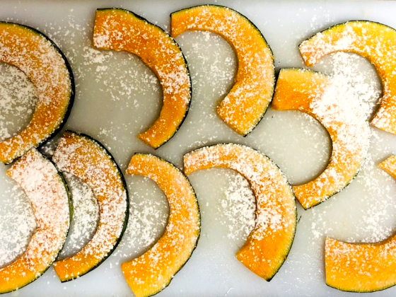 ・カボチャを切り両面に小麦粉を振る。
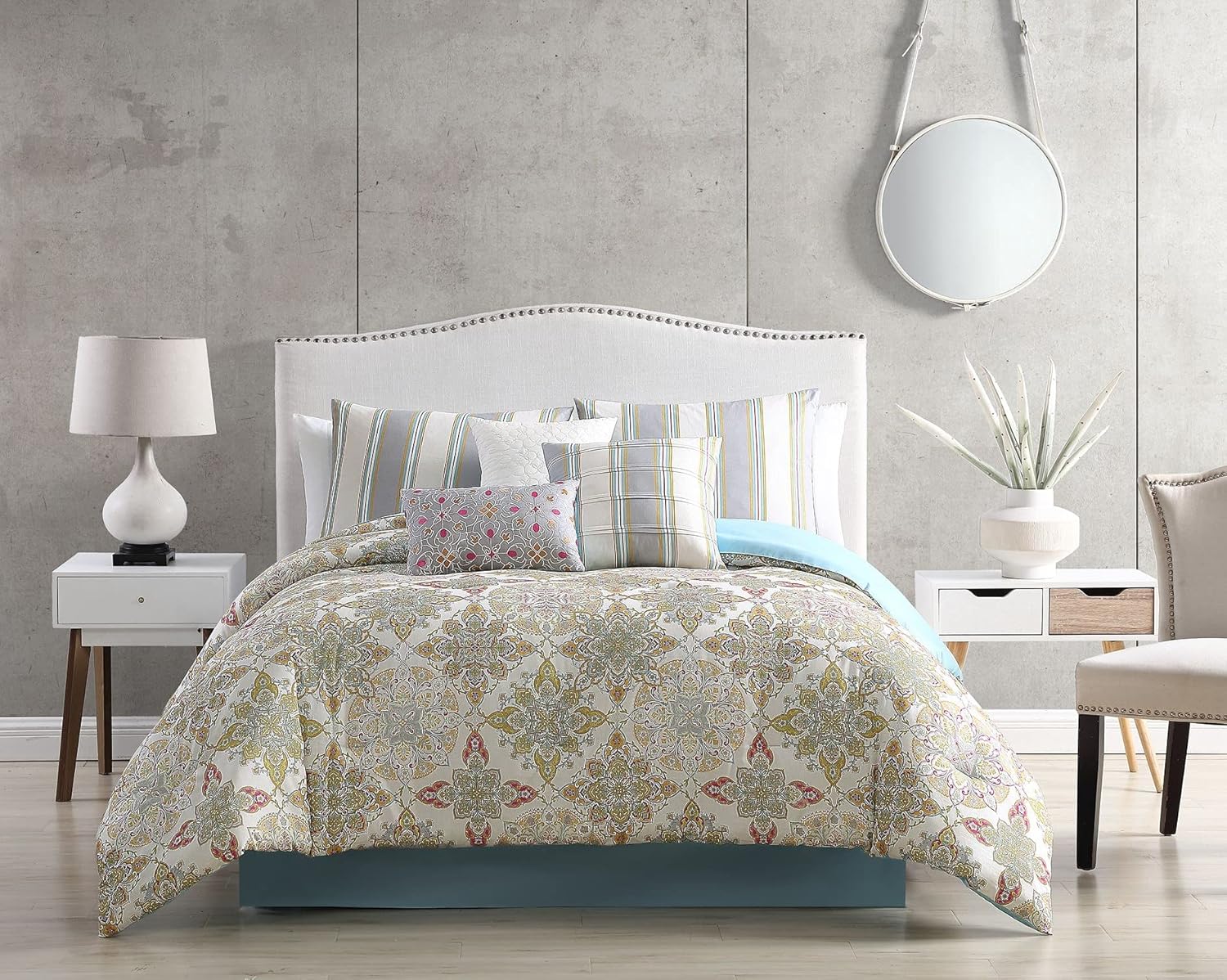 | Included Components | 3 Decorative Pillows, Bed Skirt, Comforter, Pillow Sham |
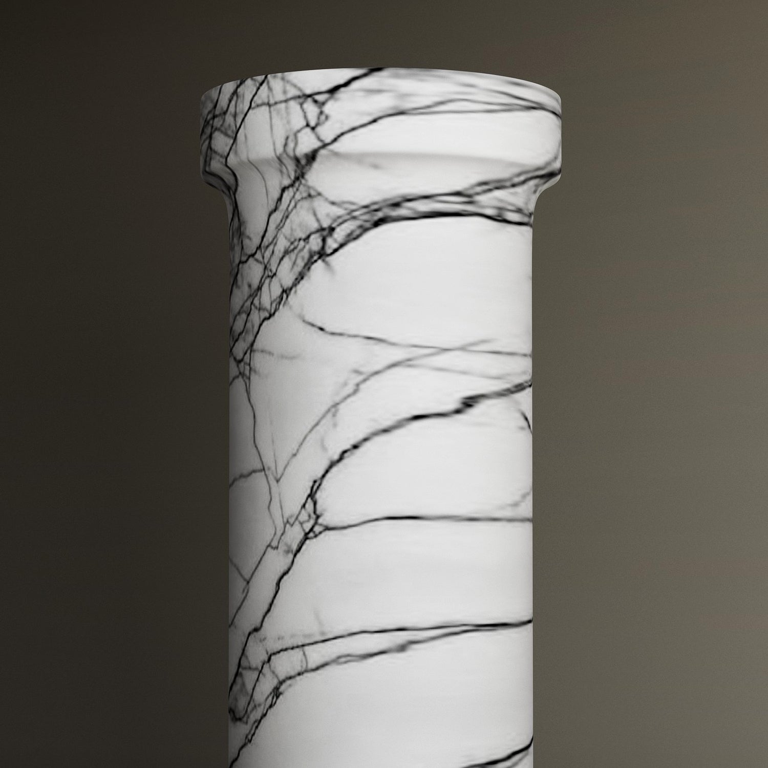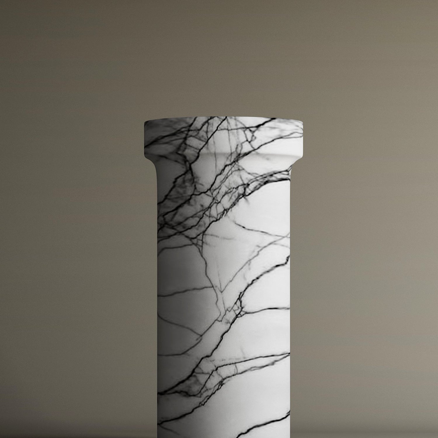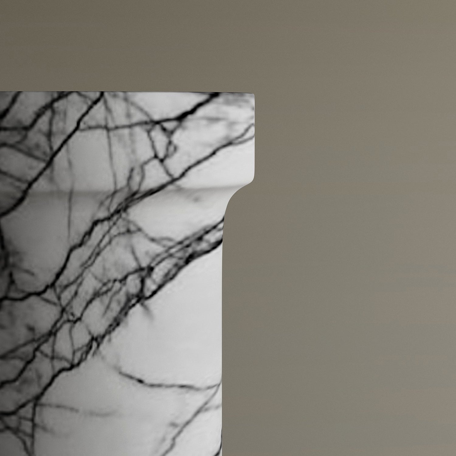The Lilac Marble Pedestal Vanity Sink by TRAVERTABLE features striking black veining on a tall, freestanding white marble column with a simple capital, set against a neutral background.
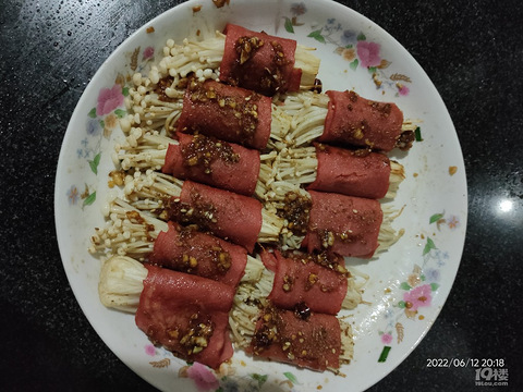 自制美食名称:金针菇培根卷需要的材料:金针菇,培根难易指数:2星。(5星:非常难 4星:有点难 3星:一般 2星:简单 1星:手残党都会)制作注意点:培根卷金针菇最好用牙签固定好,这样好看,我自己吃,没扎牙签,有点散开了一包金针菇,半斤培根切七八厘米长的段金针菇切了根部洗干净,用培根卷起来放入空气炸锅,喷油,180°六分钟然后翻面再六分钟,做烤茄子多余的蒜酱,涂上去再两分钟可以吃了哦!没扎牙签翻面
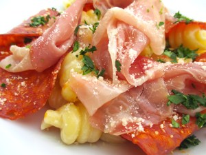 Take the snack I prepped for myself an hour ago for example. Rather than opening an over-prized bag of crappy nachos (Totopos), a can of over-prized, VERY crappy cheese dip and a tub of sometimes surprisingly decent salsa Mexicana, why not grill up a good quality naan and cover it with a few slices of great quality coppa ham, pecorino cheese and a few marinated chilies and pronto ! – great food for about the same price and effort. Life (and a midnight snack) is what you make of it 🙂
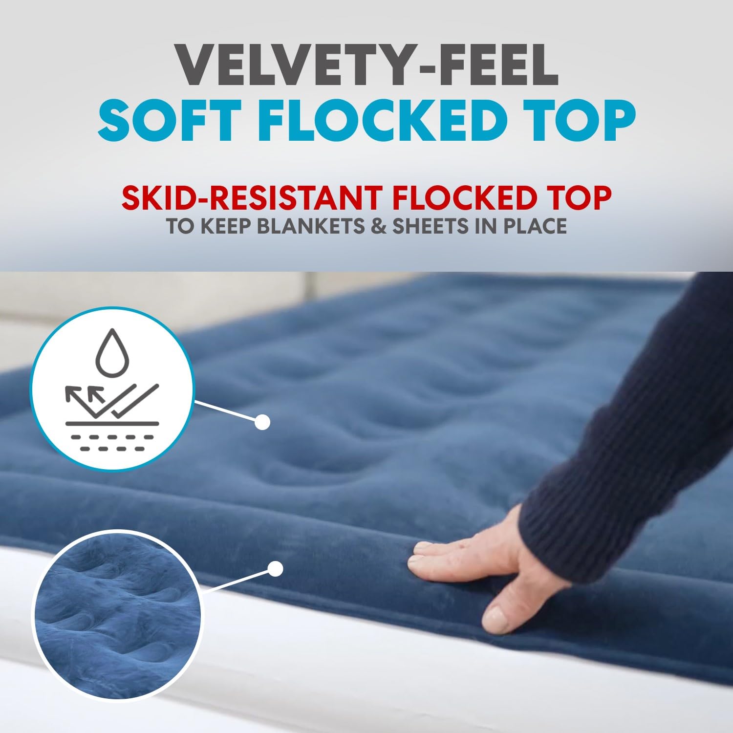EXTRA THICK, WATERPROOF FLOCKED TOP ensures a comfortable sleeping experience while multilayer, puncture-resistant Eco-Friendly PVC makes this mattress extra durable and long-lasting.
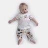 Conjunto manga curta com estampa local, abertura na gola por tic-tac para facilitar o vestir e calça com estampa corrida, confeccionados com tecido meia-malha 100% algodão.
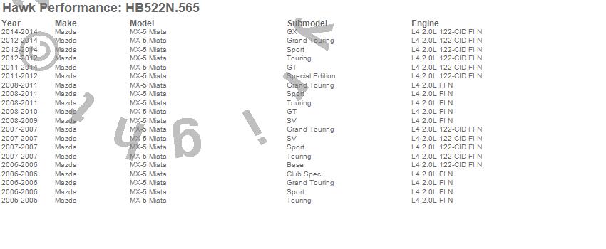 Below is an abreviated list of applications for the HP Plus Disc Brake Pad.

________________________

## Problem details
I'd like every record above written out again exactly, without the pictures.

## Completed task
 ・カボチャを切り両面に小麦粉を振る。
 | Included Components | 3 Decorative Pillows, Bed Skirt, Comforter, Pillow Sham |
The Lilac Marble Pedestal Vanity Sink by TRAVERTABLE features striking black veining on a tall, freestanding white marble column with a simple capital, set against a neutral background.
 自制美食名称:金针菇培根卷需要的材料:金针菇,培根难易指数:2星。(5星:非常难 4星:有点难 3星:一般 2星:简单 1星:手残党都会)制作注意点:培根卷金针菇最好用牙签固定好,这样好看,我自己吃,没扎牙签,有点散开了一包金针菇,半斤培根切七八厘米长的段金针菇切了根部洗干净,用培根卷起来放入空气炸锅,喷油,180°六分钟然后翻面再六分钟,做烤茄子多余的蒜酱,涂上去再两分钟可以吃了哦!没扎牙签翻面
 Take the snack I prepped for myself an hour ago for example. Rather than opening an over-prized bag of crappy nachos (Totopos), a can of over-prized, VERY crappy cheese dip and a tub of sometimes surprisingly decent salsa Mexicana, why not grill up a good quality naan and cover it with a few slices of great quality coppa ham, pecorino cheese and a few marinated chilies and pronto ! – great food for about the same price and effort. Life (and a midnight snack) is what you make of it 🙂
EXTRA THICK, WATERPROOF FLOCKED TOP ensures a comfortable sleeping experience while multilayer, puncture-resistant Eco-Friendly PVC makes this mattress extra durable and long-lasting.
 Conjunto manga curta com estampa local, abertura na gola por tic-tac para facilitar o vestir e calça com estampa corrida, confeccionados com tecido meia-malha 100% algodão.
 Below is an abreviated list of applications for the HP Plus Disc Brake Pad.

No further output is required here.